Data extracted from a collection
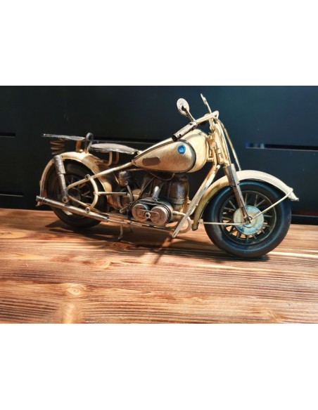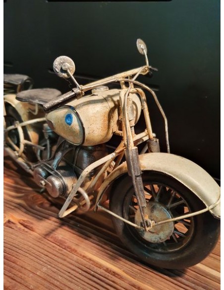 Moto blanche tôle décoration métal vintage long 32 cm
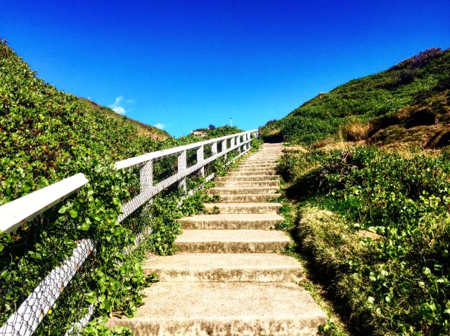 Wie oben schon beschrieben, haben wir am ersten Tag die linke Seite gewählt. Also blieb für den zweiten Tag die rechte übrig und das war genau unser Plan für den Tag. Ich war wieder mit Kira unterwegs, die mit dem gleichen Bus wie ich weiterfahren wollte, perfektes Timing also. Am Weg zum Memorial Walk kommt man am Bogey Hole vorbei, das von den damaligen Strafgefangegen in ein Steinplateu gemeißelt worden ist, um einen Meerwasserpool zu bekommen. Wir sind bist runter gegangen, leider war’s aber zu kalt, um wirklich schwimmen zu gehen…
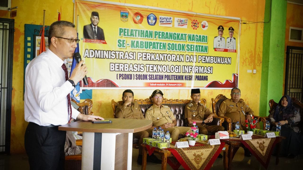 SOLOK SELATAN – Pemerintah Kabupaten dan DPRD Kabupaten Solok Selatan mendukung penuh keberadaan kampus Politeknik Negeri Padang (PNP) PSDKU Lubuk Malako. Hal tersebut ditegaskan kembali oleh Bupati dan Ketua DPRD ketika hadir membuka pelatihan bagi perangkat nagari di kampus tersebut.
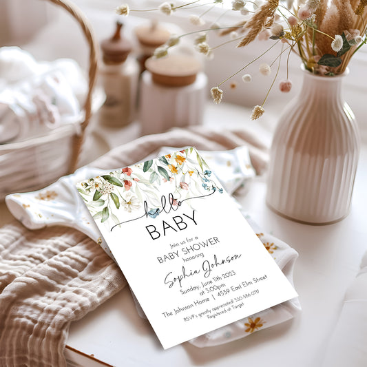 Wildflower Hello Baby Shower Invitation
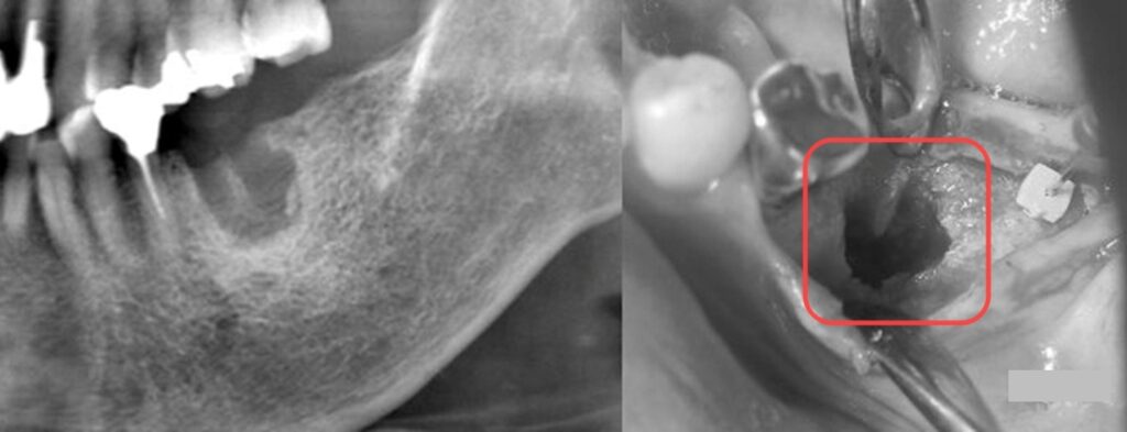 抜歯した跡が大きくえぐれたままでインプラントの土台となる骨がありません。

Problem description -
Would you reproduce the lines above, from the very first through the line containing "Wie oben schon", exactly and without the pictures?

Solution to the exercise -
 Moto blanche tôle décoration métal vintage long 32 cm
 Wie oben schon beschrieben, haben wir am ersten Tag die linke Seite gewählt. Also blieb für den zweiten Tag die rechte übrig und das war genau unser Plan für den Tag. Ich war wieder mit Kira unterwegs, die mit dem gleichen Bus wie ich weiterfahren wollte, perfektes Timing also. Am Weg zum Memorial Walk kommt man am Bogey Hole vorbei, das von den damaligen Strafgefangegen in ein Steinplateu gemeißelt worden ist, um einen Meerwasserpool zu bekommen. Wir sind bist runter gegangen, leider war’s aber zu kalt, um wirklich schwimmen zu gehen…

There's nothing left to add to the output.